Author Yolanda Ward traces the theoretical roots of spatial deconcentration to when President Lyndon Johnson established the National Advisory Commission on Civil Disorders commonly known as the Kerner Commission.7 Inner City riots were frequent in the 1960s. (San Francisco’s largest was in 1966—a community response to the police killing of Matthew Johnson, a 16-year-old African American youth from the Bayview.) The Commision was set up to investigate the origins of 160 disorders in 128 cities in the first nine months of 1967.

The Kerner Commission report, released in 1968, recommended traditional liberal solutions to poverty, such as strengthening the social safety net and increasing job opportunities for inner-city citizens. It also suggested spatial deconcentration as a viable strategy to deter urban uprisings.
Whatever the intentions of its promoters, the end result of spatial deconcentration (supported by the Nixon, Reagan, Bush Sr. and Jr., and Clinton administrations) has been the political demobilization of the oppressed as poor residents are scattered to the suburbs.

Pushing the Poor Out of Town

Urban Habitat studies published in the 1990s track the deconcentration process in the Bay Area where displaced low-income residents generally are dispersed to the rim cities of Antioch, Vallejo, San Pablo, Dixon, El Cerrito, and Vacaville. In each of these areas, the number of available jobs exceeds the population. Some, like Vallejo and Alameda, have suffered high unemployment rates as a result of military base closures. So, public housing transplants to these areas often have to commute to the metropolitan areas to find low-wage work.

Overt political racism is another issue that gentrification refugees have to face in the rim cities.
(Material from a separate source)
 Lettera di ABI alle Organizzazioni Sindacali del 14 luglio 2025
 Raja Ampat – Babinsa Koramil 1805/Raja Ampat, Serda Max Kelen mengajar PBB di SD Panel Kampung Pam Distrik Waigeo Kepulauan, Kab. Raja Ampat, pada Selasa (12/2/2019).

A case in point is the early morning raid conducted by a Vallejo city taskforce on the federally subsidized but privately owned Marina Green development in 1997. Over 60 families were rousted from their beds and forced to watch as officers ransacked their apartments for no apparent reason other than that they all received welfare.

The irony of federal housing policy “reform” is that it uses a progressive critique to accomplish completely conservative aims. The HOPE VI program argues against warehousing the poor in substandard areas and many housing authorities actually have self-sufficiency programs for their residents to prepare for gainful employment. However, by abolishing the requirement that demolished public housing units be replaced on a one-for-one basis and cutting funding, Congress has effectively given the federal government an exit strategy out of the public housing business.
As the nationwide housing crisis intensifies and the nation teeters on the brink of a recession, we are faced with the type of economic and political conditions that existed during the Great Depression. We can only hope that they will lead to a re-ermergence of some of the more enlightened and progressive social programs of that era.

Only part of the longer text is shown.